Ad esempio, quella che si manifestava un giorno sì ed uno no veniva chiamata terzana, quella che appariva due giorni no ed uno sì era la quartana, la febbre, invece, che si palesava in modo irregolare era detta malaria grave, perniciosa o estivo-autunnale. Purtroppo, chi veniva colpito dalla perniciosa rischiava la morte perché venivano colpiti organi vitali come i polmoni e il cervello. Gli effetti della malaria erano devastanti e, la prima statistica sanitaria in nostro possesso, quella del 1887, registrò quasi 21.000 decessi per malaria avvenuti solo in un anno.
Di conseguenza, la presenza umana nei luoghi dove c’era “mal’aria” divenne impossibile, pregiudicando anche lo sviluppo agricolo e commerciale delle aree colpite. Non si sarebbe mai potuta immaginare un’evoluzione demografica ed economico-sociale di ampie zone della penisola, senza il debellamento della malaria.
Quindi, alla luce della terribile azione della malaria sull’essere umano, figure come Giustino Fortunato, Leopoldo Franchetti, Angelo Celli, Ettore Marchiafava, Giovan Battista Grassi e altri ancora, diedero un impulso determinante per sconfiggere definitivamente il “grande flagello”. La lotta contro la malaria e la storia delle bonifiche laziali, dell’Agro Romano e Pontino, non si possono leggere senza comprendere appieno l’impegno dei medici che, nonostante le difficoltà oggettive causate dalla malaria e dalla sua diffusione, “scesero in campo” per sperimentare le ricerche fatte precedentemente nei laboratori.

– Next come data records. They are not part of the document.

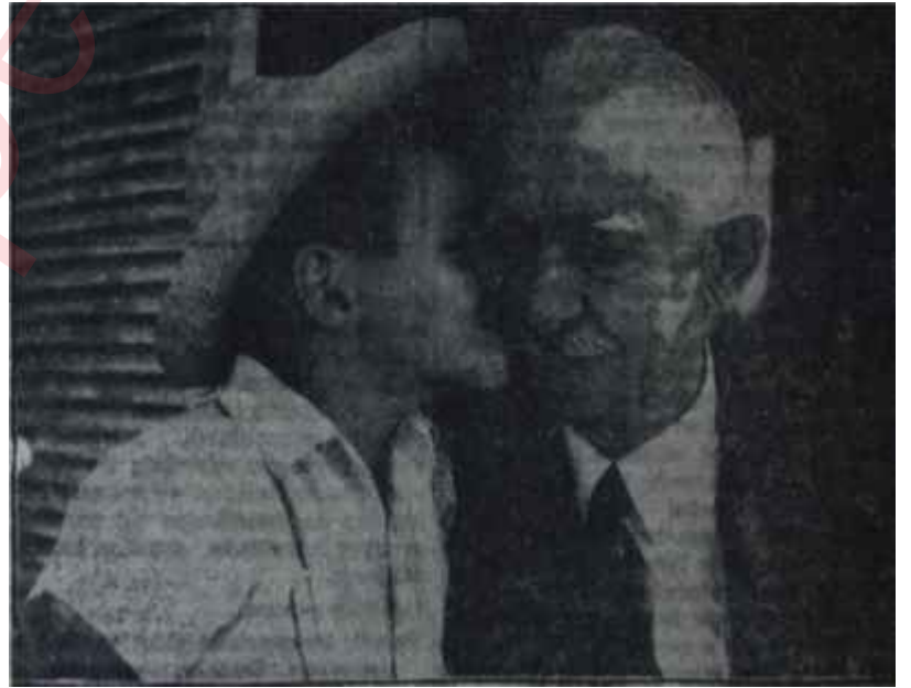
İnönü torunu Hayri İnönü ile birlikte İyi aile bağılığı = İyi çalışma

İnönünün konuşmak lüzumunu niçin hissettiği ve ne söylemek istediği iyi tertiplenmiş demecinin okunması bittiğinde gazeteciler tarafından mükemmelen anlaşılıyordu. Gazetecilerden biri "İki Paşa arasında mutabakat tam" dedi ve bu, doğru bir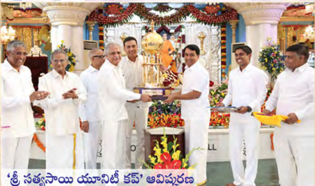
‘శ్రీ సత్యసాయి యూనిటీ కమ్’ ఆవిష్కరణ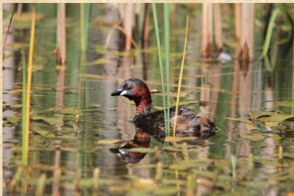
Dodaars – Bosmans Brook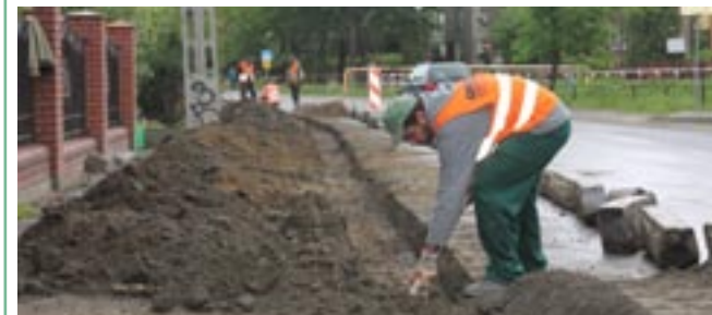
Drogowcy już działają na Podgórzu. Oby tylko dopisała pogoda.

Ruszyła budowa nowego chodnika przy ulicy Podgórze. Powstanie w sumie 800 metrów pieszego traktu z kostki brukowej. Zadanie realizowane jest przez Powiat Sanocki.

Angelo Celli, in tal senso, è stata una delle figure più importanti e determinati per il risanamento dell’Agro Romano e, soprattutto, per una continua e parallela azione legislativa promossa dallo stesso medico di Cagli attraverso il Parlamento, vista come necessaria affinché tutti i progressi scientifici potessero concretizzarsi e diventare definitivi.Angelo Celli, nonostante i successi ottenuti e l’approvazione della legge n. 505 del 23 dicembre 1900 sul chinino di Stato, comprese che, senza una collaborazione attiva delle masse rurali, nulla sarebbe cambiato. Condividere le conquiste scientifiche e legislative con chi, come le masse rurali appunto, viveva ogni giorni i disagi e le conseguenze derivanti dall’abitare e lavorare in zone acquitrinose, insalubri e infestate dalle zanzare, era essenziale per una società agricola nuova, più sana e più forte. Intraprese un’importante azione volta a far comprendere e a far assimilare una nuova educazione igienica che, secondo lo stesso Celli, doveva essere trasmessa soprattutto attraverso le scuole.
Per questo, insieme con la moglie Anna Fraentzel, già presente insieme al marito nelle prime stazioni sperimentali antimalariche, e a un fedele gruppo di allievi e di medici del Comune di Roma, svolse tra i lavoratori della terra un’intensa attività di cura e di prevenzione contro la malaria.